- [TASK INPUTS]:
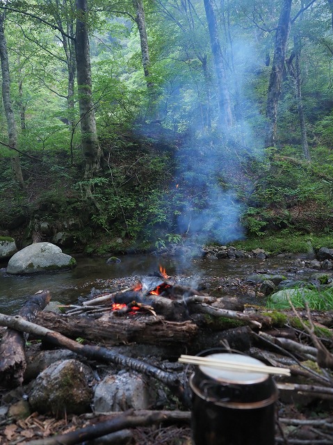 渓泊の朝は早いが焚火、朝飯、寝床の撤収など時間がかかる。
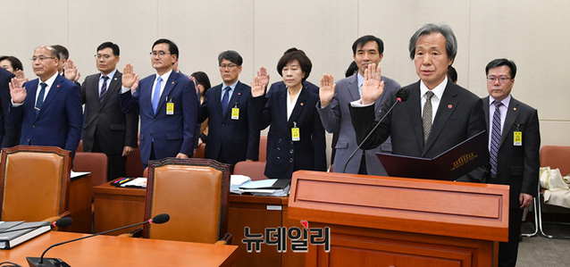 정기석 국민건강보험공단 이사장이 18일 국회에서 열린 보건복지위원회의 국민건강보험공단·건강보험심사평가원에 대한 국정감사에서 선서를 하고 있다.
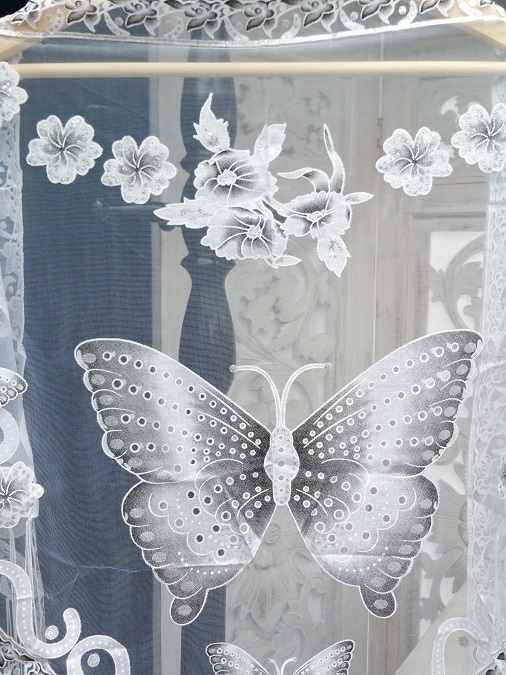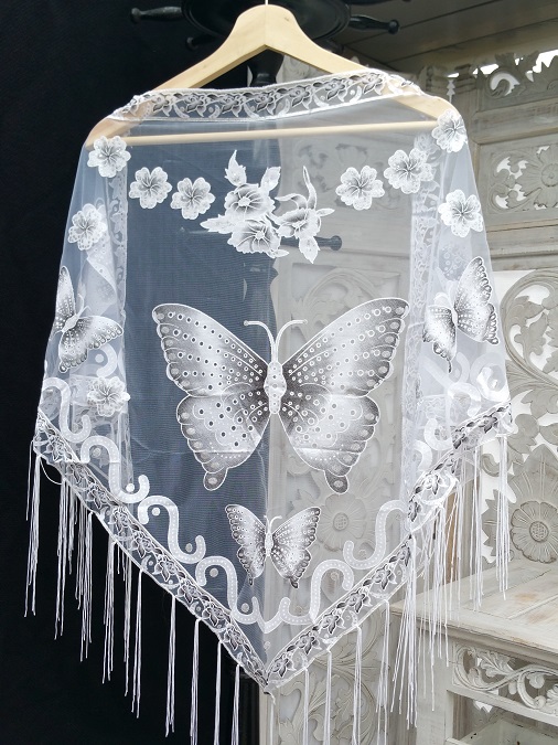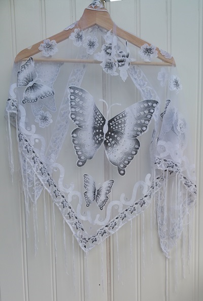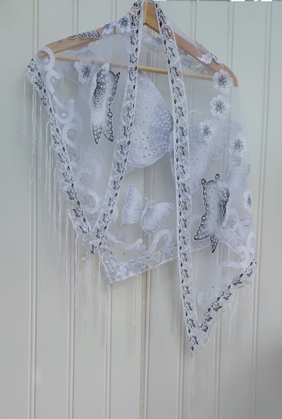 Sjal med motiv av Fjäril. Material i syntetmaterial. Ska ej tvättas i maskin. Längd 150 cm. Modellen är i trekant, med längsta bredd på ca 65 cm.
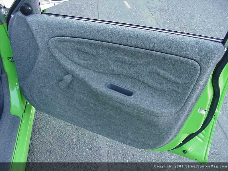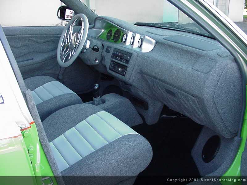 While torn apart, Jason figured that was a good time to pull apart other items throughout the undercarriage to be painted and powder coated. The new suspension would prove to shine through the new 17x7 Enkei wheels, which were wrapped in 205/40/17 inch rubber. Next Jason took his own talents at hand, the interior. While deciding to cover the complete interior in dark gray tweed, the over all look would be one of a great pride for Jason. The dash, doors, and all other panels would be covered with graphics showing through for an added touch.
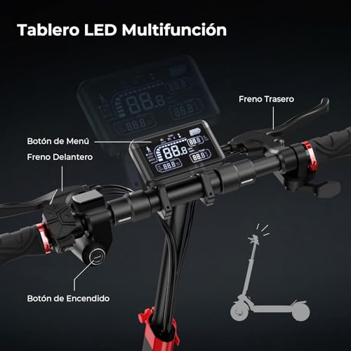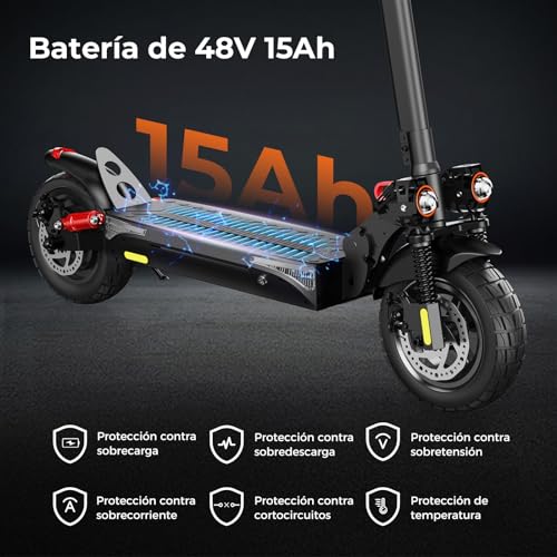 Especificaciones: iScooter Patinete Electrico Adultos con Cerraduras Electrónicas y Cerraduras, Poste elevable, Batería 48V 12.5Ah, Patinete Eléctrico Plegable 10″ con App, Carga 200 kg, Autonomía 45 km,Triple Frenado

- [WHAT TO DO]: Return, unchanged, the lines from the first line of the material through the line that holds "Sjal med motiv", inclusive, omitting pictures.

- [WRITTEN RESPONSE]:
 渓泊の朝は早いが焚火、朝飯、寝床の撤収など時間がかかる。
 정기석 국민건강보험공단 이사장이 18일 국회에서 열린 보건복지위원회의 국민건강보험공단·건강보험심사평가원에 대한 국정감사에서 선서를 하고 있다.
 Sjal med motiv av Fjäril. Material i syntetmaterial. Ska ej tvättas i maskin. Längd 150 cm. Modellen är i trekant, med längsta bredd på ca 65 cm.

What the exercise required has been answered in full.